Question 2

The self-inductance of the larger coil is $L = \mu_0 N^2 S d$.

For the smaller coil, the length is $l_2 = d/2$, the cross-sectional area is $S_2 = S/2$, and the turns per unit length is $n_2 = 2N$.

Its self-inductance is $L_2 = \mu_0 n_2^2 S_2 l_2 = \mu_0 (2N)^2 (S/2) (d/2) = \mu_0 (4N^2) \frac{Sd}{4} = \mu_0 N^2 S d = L$.

The mutual inductance $M$ between the coils is given by $M = \mu_0 n_1 n_2 S_2 l_2 = \mu_0 N (2N) (S/2) (d/2) = \frac{1}{2} \mu_0 N^2 S d = \frac{L}{2}$.

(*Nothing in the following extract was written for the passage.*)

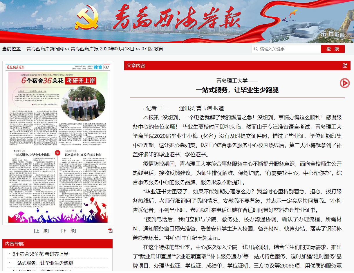 青岛西海岸报:青岛理工大学——一站式服务,让毕业生少跑腿

Let the current in the larger coil be $i_1$ and in the smaller shorted coil be $i_2$. Since the smaller coil is shorted and has zero resistance, the net EMF in it must be zero:

$L_2 \frac{di_2}{dt} + M \frac{di_1}{dt} = 0 \implies L \frac{di_2}{dt} + \frac{L}{2} \frac{di_1}{dt} = 0 \implies \frac{di_2}{dt} = -\frac{1}{2} \frac{di_1}{dt}$

The voltage $V$ across the larger coil is given by:

$V = L_1 \frac{di_1}{dt} + M \frac{di_2}{dt} = L \frac{di_1}{dt} + \frac{L}{2} \left( -\frac{1}{2} \frac{di_1}{dt} \right) = \left( L - \frac{L}{4} \right) \frac{di_1}{dt} = \frac{3L}{4} \frac{di_1}{dt}$

Thus, the effective inductance across the larger coil or for the circuit containing the capacitor and larger coil is $L_{eq} = \frac{3L}{4}$.

The resonant frequency of the circuit is $\omega = \frac{1}{\sqrt{L_{eq} C}} = \frac{1}{\sqrt{\frac{3LC}{4}}} = \frac{2}{\sqrt{3LC}}$.